Her ability to pivot between these extremes, often within the same scene, makes Karen and Jack’s developing relationship immensely powerful, especially during the centerpiece sequence leading up to when they consummate their attraction. After fearlessly – and again, effortlessly – gunning down a trio of trade-show shit trying to buy her a drink, Karen adopts with Jack exactly the kind of coltish naivety these would-be suitors hoped to exploit, briefly accomplishing a desperate hope their case has not been complicated by the reality of their situation. Lopez does it again after a sex scene that manages to be extremely sexy in its frozen modesty. It both feels too chaste for the tension she and Clooney have generated thus far, but also possesses an anachronistic side, appropriate to the film’s references to Three days of the Condor and other flag bearers from the 70s.
As Karen is forced to decide whether or not to shoot Jack during the robbery of Ripley’s house, you hear the desperation in her voice that she doesn’t want to make that choice, especially after compromising what the characters thought was her integrity in falling in love with him in the first place. Lopez is absolutely fascinating, and she makes you forget that the story seemed to belong to Clooney’s character at first, especially because she’s the one you see last in the movie, outwitting Jack, the cops who take him back to jail, and maybe even herself.

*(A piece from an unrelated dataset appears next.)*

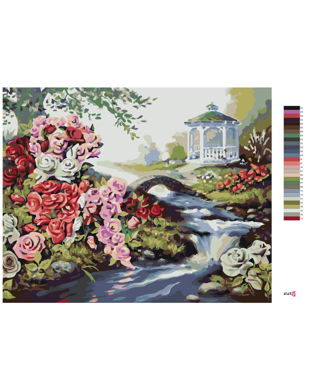 Malování podle čísel - RŮŽE U POTŮČKU A ALTÁNKU (D. RUSTY RUST)

It’s just one role in a career spanning more than 30 years. But one could dig into a number of his other performances for similar highlights, whether or not they generated the same attention or acclaim. (angel eyesfor example, may not be a great movie, but she’s great in it as a very different police officer than in Out of sight.) And so the question that remains is whether Lopez really didn’t give herself to these other roles like she did for Hustlersto really hide no part of herself, or if she’s just so good that these qualities come out of her performances more than she realizes.
Jennifer Lopez certainly deserves more recognition than she sometimes gets, but when someone works as hard as she does for so long, sometimes it’s easier to see the hard work than the result, even for the person who spend it. However, with half time and the skillfully self-aware rom-com Marry me earlier this year, she continues to display examples of her diverse talent. Meanwhile, the awards season recognition she received for Hustlers specifically highlights how outstanding she was in the Scafaria project, but it is hoped that the powers that be – and herself – will more easily recognize in the future that being outstanding is not exceptional in the context of a career as accomplished as his.